Taking Popular Music Seriously An Annotated Bibliography


Wayne D. Bowman
Annotated by: Nicholas Busch

Our interest in popularity and things popular should not revolve around the maintenance of the
existing system. Rather, we should use it to reopen possibilities for critical and creative thought
and action, both in our students and in ourselves.

Reading this quote interested me. The amount of change that would result from changing
the curriculum to include popular music would not have to be very large. In a band for instance
you could play an arrangement for a modern pop piece instead of something classical, or instead
of analysing a symphonic movement you could analyse a top 40s song. Maintenance of the
existing system is not something we need to disregard, but maybe something we should alter.

The limited statistical perspective replaces questions of musical value with concerns about the
extent to which music is programmed, purchased, or consumed It replaces qualitative concerns
with quantitative ones.

This quote frustrated me. It is too common that the public listens to or rates music based
only on popularity and not on the piece itself. Music should be popular because of how it effects
someone emotionally, not just because of sheer numbers. If music educators are going to include
pop music in their pedagogy, they must reinforce the idea that liking music should have

nothing to do with sheer numbers, since what millions of other people might like says nothing
about whether youll like it or not.

popular music affords pleasures that are often considered cheap, quick, or easy (unlike the
deferred gratification supposedly associated with genuinely artistic music). Its gratifications are
spurious, or fraudulent the musical equivalent of junk food

This quote goes on about how pop music is boring and predictable, which surprised
me a lot. In the following paragraph, he says these are the views of Theodore Adorno, but admits
that he agrees with most of what he is saying. After reading the title of this work, I thought the
author was going to be in full support of pop music, but in this paragraph he trashes it and says it
is the musical equivalent of junk food. I agree with him, as well as I agree with him about
including some pop music studies in the classroom, but this quote surprised me none the less.

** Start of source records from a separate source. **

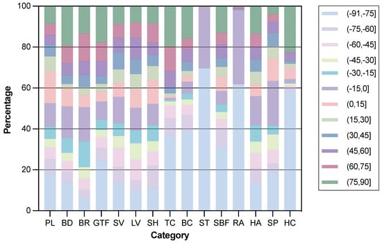 Angle distribution of objects in each category of the DOTA-v1.0 dataset.
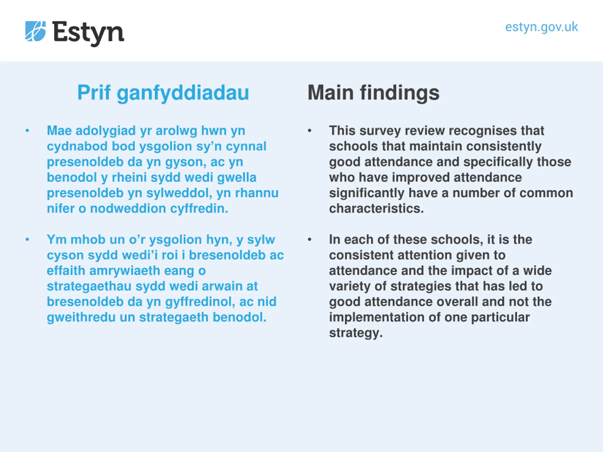 Prif ganfyddiadau Main findings Mae adolygiad yr arolwg hwn yn cydnabod bod ysgolion sy n cynnal presenoldeb da yn gyson, ac yn benodol y rheini sydd wedi gwella presenoldeb yn sylweddol, yn rhannu nifer o nodweddion cyffredin. This survey review recognises that schools that maintain consistently good attendance and specifically those who have improved attendance significantly have a number of common characteristics. In each of these schools, it is the consistent attention given to attendance and the impact of a wide variety of strategies that has led to good attendance overall and not the implementation of one particular strategy. Ym mhob un o r ysgolion hyn, y sylw cyson sydd wedi i roi i bresenoldeb ac effaith amrywiaeth eang o strategaethau sydd wedi arwain at bresenoldeb da yn gyffredinol, ac nid gweithredu un strategaeth benodol.
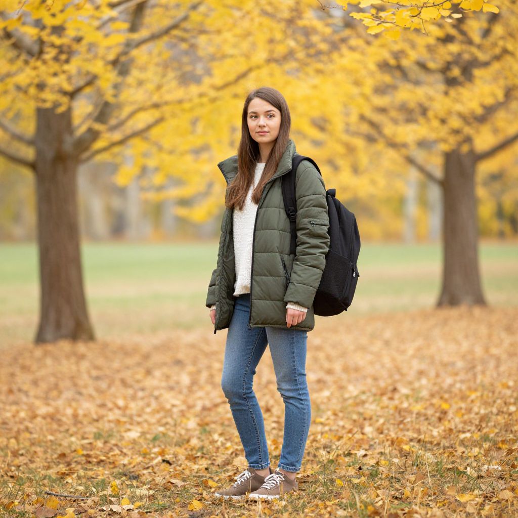 Photograph of a young woman with long brown hair, wearing a green jacket, white shirt, blue jeans, and brown shoes, standing in an autumn
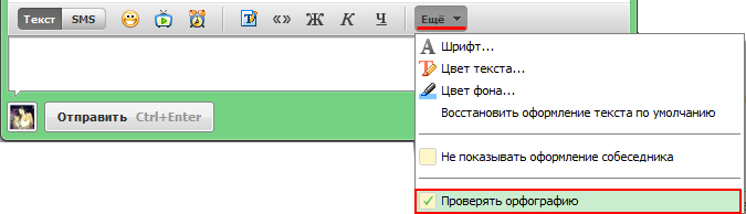Прежде чем отправить сообщение, всегда будет полезно проверить орфографию написанного, чтобы избежать досадных опечаток. Для того чтобы всегда проверять текст отправляемых сообщений, в окне диалога нажмите «Еще» и выберите «Проверять орфографию».

If I could speak with the author, I would ask him how long he sat there trying to define
what popular music actually is. He goes on to say pop music is used music, and pop is more
purely commodity music, and uses so much space simply listing things that apply to the
definition of pop music, when most of the information is either common sense or unnecessary. I
would love to have a discussion with him about his idea that Taking popular music seriously
will make the classics all the more momentous. That is an interesting point of view that I
wish I couldve heard more about in this paper.